Bhagavadgita adalah sebagai Pancamo Veda
yang bersifat suplemen. Penggunaan istilah Upanisad pada beberapa bab di dalam
Bhagavadgita menunjukkan bahwa Bhagavadgita adalah sebuah Upanisad dan upanisad
itu sendiri adalah Veda yang tergolong Sruti. Dengan penunjukan itu tidaklah
keliru penyimpulan beberapa pemikir Hindu yang mengatakan Bhagavadgita adalah
Veda ke 5
2.
Bhagavadgita adalah ajaran mistik. Ilmu
mistik di dalam agama Hindu dikenal dengan Raja Yoga, bertujuan untuk menguak
tabir Rahasia Ketuhanan sehingga dengan demikian mudahlah bagi umatnya
melaksanakan jalan lintas itu menuju kekekalan Brahman atau Nirvana Brahman
atau Moksa. Ini pula yang menyebabkan Bhagavadgita dikenal sebagai kitab Gita
Rahasia.
3.
Bhagavadgita adalah kitab Yoga karena
semua bab disebut ajaran Yoga. Yoga adalah satu sistim dan juga satu metode
menghubungkan diri atau bersembah kepada Tuhan agar mendapat rakhmat dari
padanya.
4. Bhagavadgita
adalah kitab Tattva Darsana yang membahas konsepsi filsafat Samkhya dan Yoga,
dan karena itu cara pandangnya penyajian materinya mendekati sistim filsafat
Samkhya dan Yoga. Istilah inipun disebutkan di dalam Bhagavadgita itu.
Bhagavad Gita terdiri
dari dua kata yaitu Bhagavad dan Gita yang berarti “Lagu dari Tuhan”.
Bagaimanapun juga bukan lirik tetapi puisi filsafat, yang ditulis oleh Rsi
Vyasa, pengumpul dari cerita Mahabharata. Gita
merupakan panduan manual: “Siapakah kita? Mengapa kita terlahir? Apa tujuan
dari hidup kita? Apa yang harus kita lakukan jika tugas kita menimbulkan
konflik dengan orang lain” Pertanyaan ini dan pertanyaan yang lain yang muncul
dan dijawab dalam Bhagavad Gita. Para cendekiawan mengatakan bahwa ada tiga
rahasia yang terdapat dalam Gita yaitu yang pertama,
seseorang harus melakukan semua tugasnya di dunia, meninggalkan semua ikatan
untuk mendapatkan hasil dari tindakan kita. Yang kedua, seseorang harus membedakan antara dirinya dan yang bukan
dirinya. Yang ketiga, seseorang harus
menyadari bahwa semuanya yang ada, bergerak atau tidak bergerak, terlihat
ataupun tidak terlihat, tiada bukan adalah Brahman. Bhagavad Gita menganjurkan
empat jalan untuk mencapai kebebasan (moksa)

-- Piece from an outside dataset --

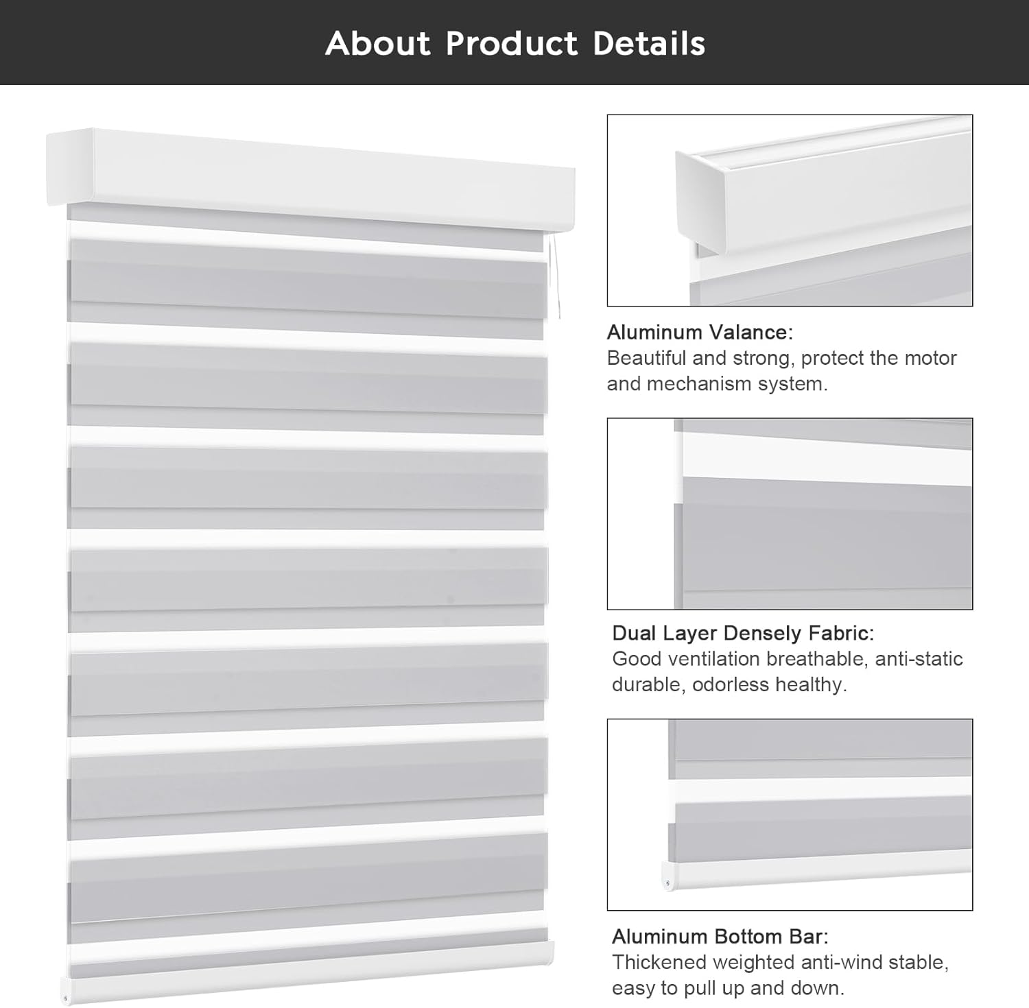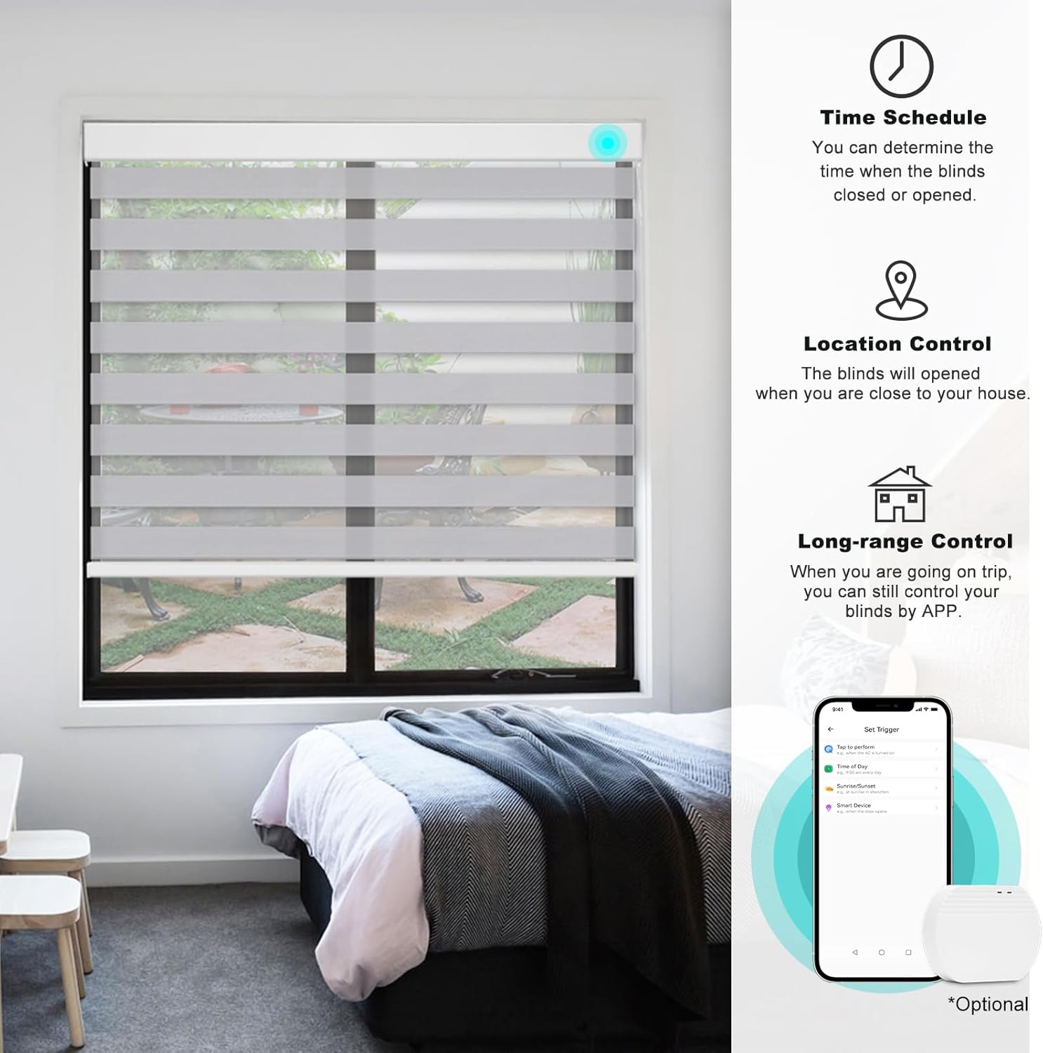Custom Motorized Blinds Intelligent: You can select motor to match your devices on Customization Page.Our smart zebra blinds make it possible to regulate the incoming natural daylight and sunlight.This helps to control the indoor climate and save energy, by taking full advantage of the reflective and insulating properties of window covering fabrics, creating the perfect atmosphere at any time of the day.Once programmed, the blinds run automatically.

terdiri dari: tindakan (Karma Yoga),
meditasi (Raja Yoga), pengabdian (Bhakti Yoga), dan pengetahuan (Jnana Yoga). Jalan ini bukanlah jalan
utama tetapi berhubungan dan mengarahkan seseorang pada tujuan yang sama. Semua
jalan membutuhkan kehidupan yang bermoral dan disiplin diri. Seorang individu
dapat menemukan keberadaan dari Kenyataan Tuhan (sebagai intisari dari dirinya)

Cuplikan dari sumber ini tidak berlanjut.